### Task description
Return only the lines below starting at the line containing "<★保育士資格者歓迎!>未経験OK!週2~3日勤務や週末のみの勤務も相談可♪" and ending at the line containing "Milk Factory Interior", both included, exactly as they are and with no pictures.

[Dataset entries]
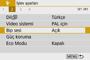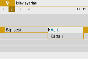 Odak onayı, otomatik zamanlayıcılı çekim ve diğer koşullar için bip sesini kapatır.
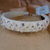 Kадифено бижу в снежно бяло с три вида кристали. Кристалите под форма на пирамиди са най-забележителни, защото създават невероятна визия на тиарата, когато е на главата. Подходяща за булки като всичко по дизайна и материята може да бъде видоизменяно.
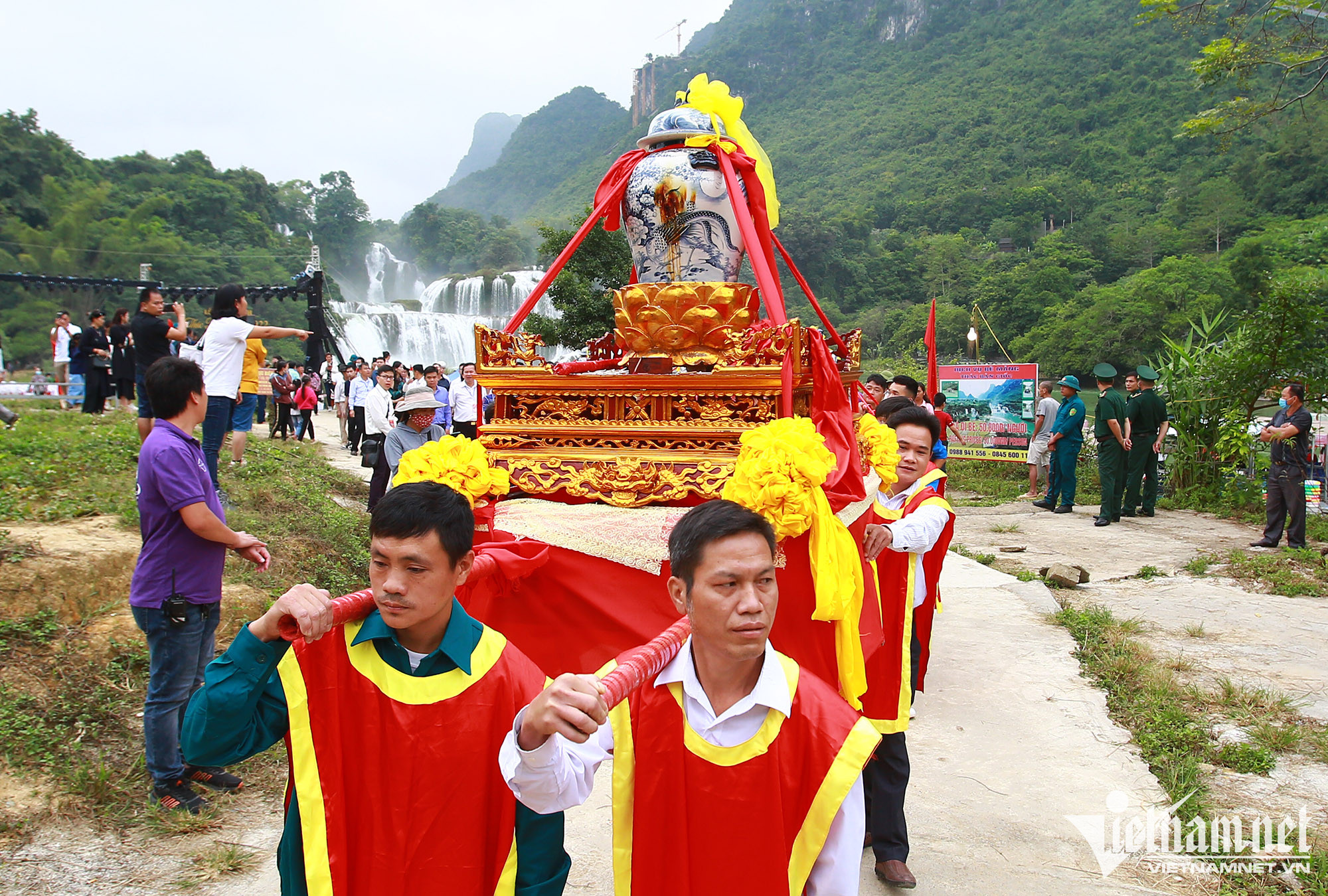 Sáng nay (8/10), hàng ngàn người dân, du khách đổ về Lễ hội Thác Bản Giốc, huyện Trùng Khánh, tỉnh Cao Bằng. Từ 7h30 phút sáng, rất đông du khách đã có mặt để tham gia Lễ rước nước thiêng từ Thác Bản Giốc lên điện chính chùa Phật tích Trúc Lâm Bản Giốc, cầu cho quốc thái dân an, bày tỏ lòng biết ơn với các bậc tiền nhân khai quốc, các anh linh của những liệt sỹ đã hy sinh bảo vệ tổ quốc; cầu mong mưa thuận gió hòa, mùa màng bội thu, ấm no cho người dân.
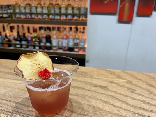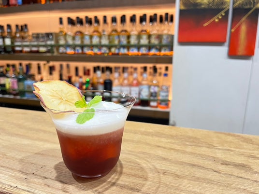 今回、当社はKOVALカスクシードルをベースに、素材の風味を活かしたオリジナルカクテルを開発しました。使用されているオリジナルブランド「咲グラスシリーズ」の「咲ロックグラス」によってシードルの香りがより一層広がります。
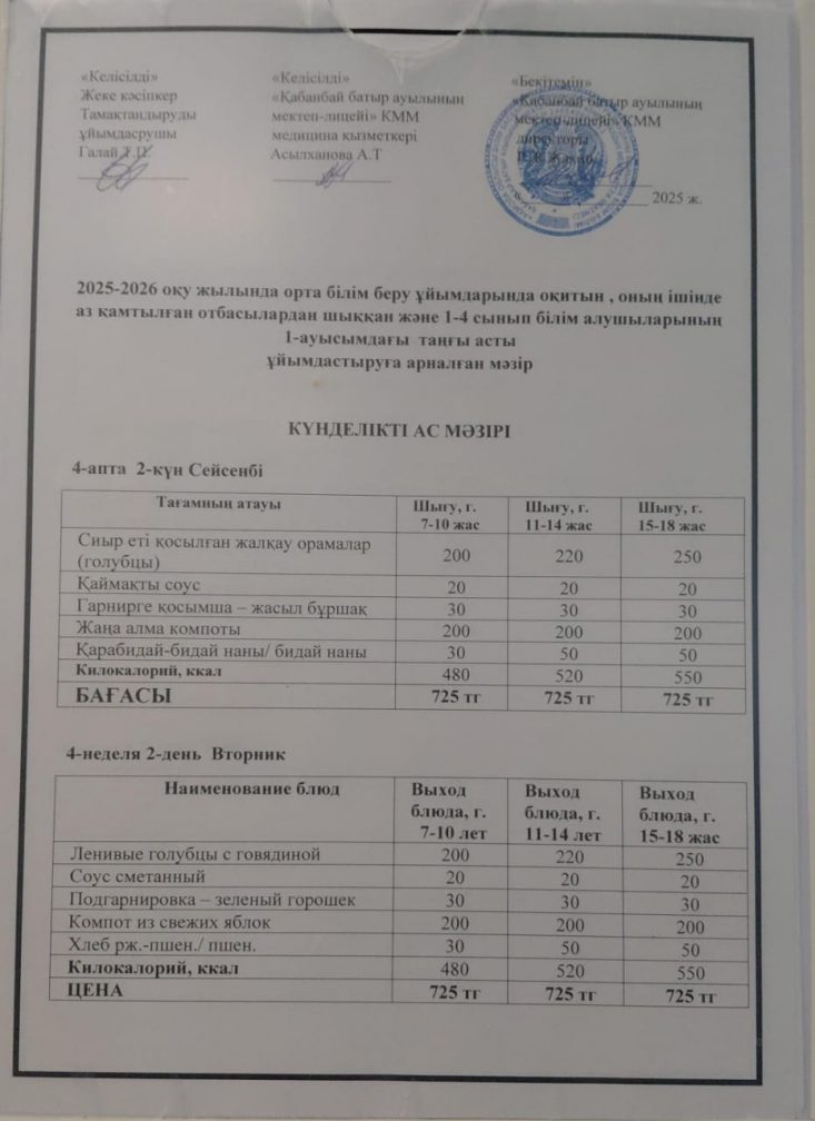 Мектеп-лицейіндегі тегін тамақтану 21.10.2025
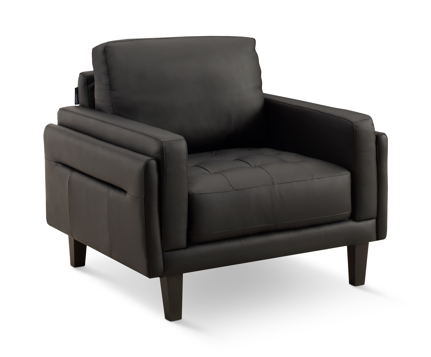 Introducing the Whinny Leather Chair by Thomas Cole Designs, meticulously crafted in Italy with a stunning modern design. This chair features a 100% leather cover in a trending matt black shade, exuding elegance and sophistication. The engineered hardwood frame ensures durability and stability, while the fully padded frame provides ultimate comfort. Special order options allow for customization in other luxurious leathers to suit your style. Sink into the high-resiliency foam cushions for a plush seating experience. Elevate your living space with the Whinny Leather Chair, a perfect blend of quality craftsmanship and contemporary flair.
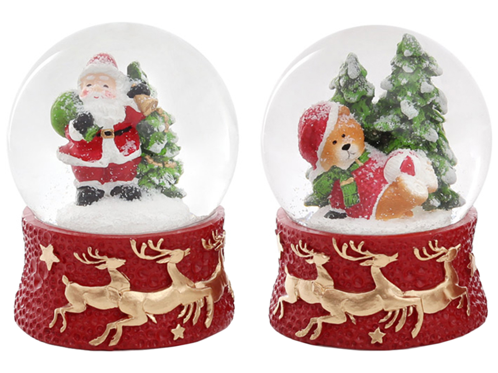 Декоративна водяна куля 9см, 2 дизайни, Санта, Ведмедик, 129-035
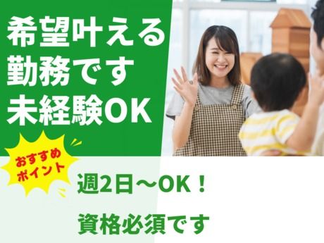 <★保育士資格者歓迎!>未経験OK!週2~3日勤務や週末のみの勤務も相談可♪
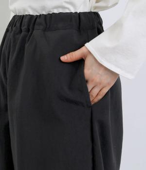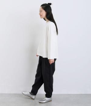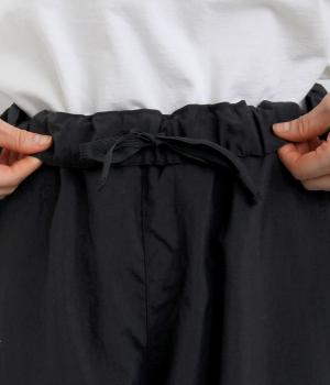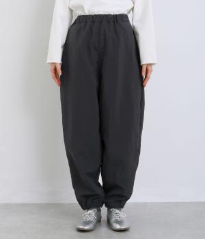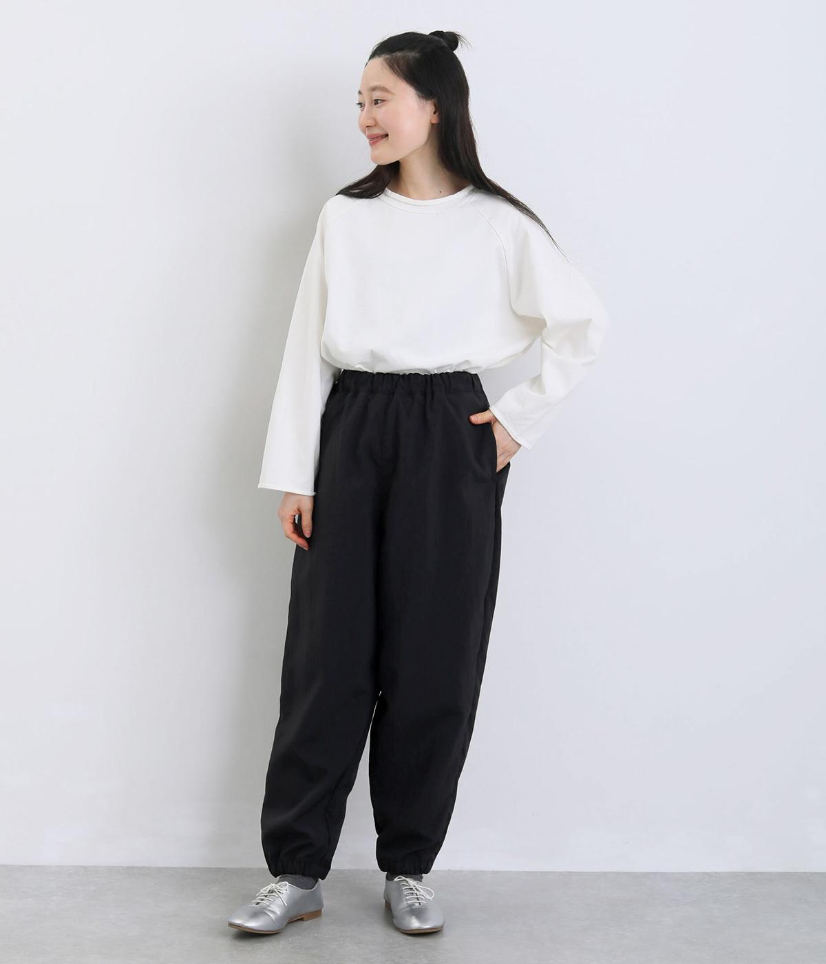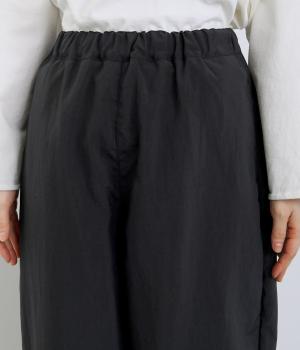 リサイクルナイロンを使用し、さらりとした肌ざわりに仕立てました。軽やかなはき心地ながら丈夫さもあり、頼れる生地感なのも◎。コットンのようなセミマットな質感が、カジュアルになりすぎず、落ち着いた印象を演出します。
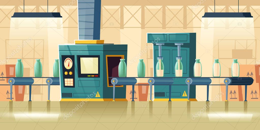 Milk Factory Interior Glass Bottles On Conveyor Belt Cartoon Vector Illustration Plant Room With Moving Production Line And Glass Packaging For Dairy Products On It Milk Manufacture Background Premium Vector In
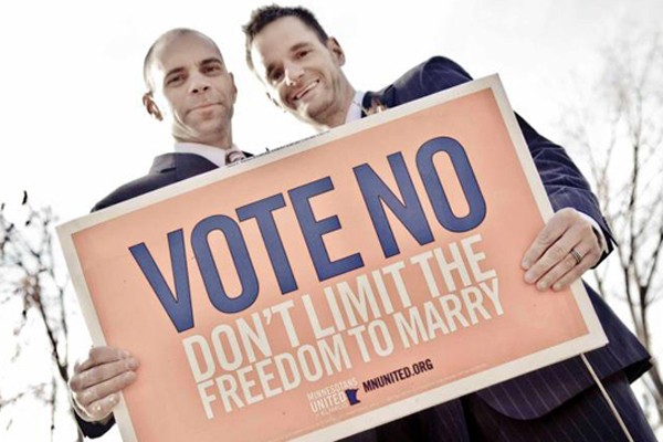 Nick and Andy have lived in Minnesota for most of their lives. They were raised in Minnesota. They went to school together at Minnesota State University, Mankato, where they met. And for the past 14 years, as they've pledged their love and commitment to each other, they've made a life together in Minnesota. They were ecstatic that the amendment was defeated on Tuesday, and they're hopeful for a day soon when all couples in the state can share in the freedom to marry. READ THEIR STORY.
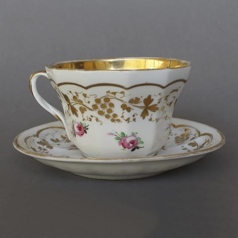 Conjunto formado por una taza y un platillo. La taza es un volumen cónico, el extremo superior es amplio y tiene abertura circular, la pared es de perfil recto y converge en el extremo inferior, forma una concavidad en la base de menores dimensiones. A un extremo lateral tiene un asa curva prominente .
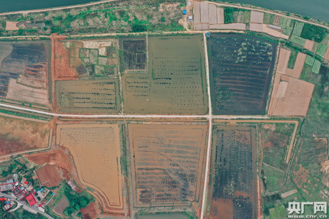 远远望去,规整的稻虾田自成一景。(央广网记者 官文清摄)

### Task result
 <★保育士資格者歓迎!>未経験OK!週2~3日勤務や週末のみの勤務も相談可♪
 リサイクルナイロンを使用し、さらりとした肌ざわりに仕立てました。軽やかなはき心地ながら丈夫さもあり、頼れる生地感なのも◎。コットンのようなセミマットな質感が、カジュアルになりすぎず、落ち着いた印象を演出します。
 Milk Factory Interior Glass Bottles On Conveyor Belt Cartoon Vector Illustration Plant Room With Moving Production Line And Glass Packaging For Dairy Products On It Milk Manufacture Background Premium Vector In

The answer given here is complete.